The Taiwan Strait has been the scene of military tensions and skirmishes between China and Taiwan for decades, with Beijing even bombing outlying islands controlled by Taiwan twice.

Between 1995 and 1996, the last great crisis occurred after the visit of the then president of Taiwan, Lee Teng-hui, to the United States. China fired missiles into waters near Taiwan in response to the meeting, and the United States ended up sending two aircraft carriers to the area.

At the same time, representatives from mainland China and Taiwan had begun rapprochement in the early 1990s, capped by the 1992 summit in Hong Kong, then still under UK control.

President Tsai Ing-wen during a rally on Wednesday, January 8, 2020, in Taoyuan, Taiwan, ahead of the presidential election.

Beijing and the pro-reunification parties in Taiwan assure that during that meeting there was an agreement regarding the principle of “one China”, that is to say that both parties recognize the existence of a single country that must be reunified.

But they disagreed on who is the legitimate authority to do so and even on the scope of that “1992 consensus”, even today rejected by the president of TaiwanTsai Ing-wen, whose party traditionally defends the formal independence of the island.
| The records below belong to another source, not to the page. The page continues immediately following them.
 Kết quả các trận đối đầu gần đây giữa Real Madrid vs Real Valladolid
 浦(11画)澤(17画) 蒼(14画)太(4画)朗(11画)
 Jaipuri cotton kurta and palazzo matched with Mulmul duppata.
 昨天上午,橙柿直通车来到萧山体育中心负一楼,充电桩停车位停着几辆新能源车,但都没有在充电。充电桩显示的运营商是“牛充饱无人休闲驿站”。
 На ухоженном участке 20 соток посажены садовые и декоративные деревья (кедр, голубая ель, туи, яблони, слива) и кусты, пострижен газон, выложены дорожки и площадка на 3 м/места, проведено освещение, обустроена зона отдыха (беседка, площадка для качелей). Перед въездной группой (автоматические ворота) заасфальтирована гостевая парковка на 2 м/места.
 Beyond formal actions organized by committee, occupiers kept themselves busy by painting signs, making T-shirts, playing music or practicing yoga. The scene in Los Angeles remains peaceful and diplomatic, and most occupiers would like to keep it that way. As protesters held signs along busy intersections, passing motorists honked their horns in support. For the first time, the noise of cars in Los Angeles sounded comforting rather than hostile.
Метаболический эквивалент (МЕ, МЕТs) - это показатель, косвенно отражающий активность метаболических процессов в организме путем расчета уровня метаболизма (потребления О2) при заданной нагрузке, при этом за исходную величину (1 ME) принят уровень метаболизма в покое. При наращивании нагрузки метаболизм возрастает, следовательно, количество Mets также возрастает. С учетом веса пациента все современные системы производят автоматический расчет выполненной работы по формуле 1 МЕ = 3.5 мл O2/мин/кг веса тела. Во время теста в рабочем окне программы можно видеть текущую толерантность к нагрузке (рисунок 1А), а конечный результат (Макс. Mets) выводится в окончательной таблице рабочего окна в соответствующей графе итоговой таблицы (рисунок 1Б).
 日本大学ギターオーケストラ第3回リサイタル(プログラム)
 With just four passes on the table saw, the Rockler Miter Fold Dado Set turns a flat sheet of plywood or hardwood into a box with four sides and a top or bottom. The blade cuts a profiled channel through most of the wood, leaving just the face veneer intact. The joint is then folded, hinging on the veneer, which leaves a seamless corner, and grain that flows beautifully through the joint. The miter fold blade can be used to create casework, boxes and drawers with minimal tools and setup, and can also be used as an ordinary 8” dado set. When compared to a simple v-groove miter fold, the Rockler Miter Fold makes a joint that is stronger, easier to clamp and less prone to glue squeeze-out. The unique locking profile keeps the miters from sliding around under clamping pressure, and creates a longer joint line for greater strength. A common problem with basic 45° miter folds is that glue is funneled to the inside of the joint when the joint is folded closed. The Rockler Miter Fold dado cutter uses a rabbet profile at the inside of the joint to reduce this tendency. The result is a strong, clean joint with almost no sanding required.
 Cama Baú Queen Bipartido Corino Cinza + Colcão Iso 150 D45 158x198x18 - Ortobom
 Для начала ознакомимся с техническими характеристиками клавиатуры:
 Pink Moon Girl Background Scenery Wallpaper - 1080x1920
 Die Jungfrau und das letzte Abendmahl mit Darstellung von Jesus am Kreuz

“There is only one China and the government of the People’s Republic is the only legitimate one and Taiwan is part of China,” points out the Foreign Ministry in Beijing.

In Taiwan, the official position is more ambiguous regarding reunification, and the island’s governments have sought to maintain the status quo. But the Kuomintang and other pro-reunification forces also insist that the ROC is the legitimate government of the entire territory.

With information from Eric Cheung, Nectar Gan, Brad Lendon, Kevin Liptak, Donald Judd, Wayne Chang, and Ben Westcott.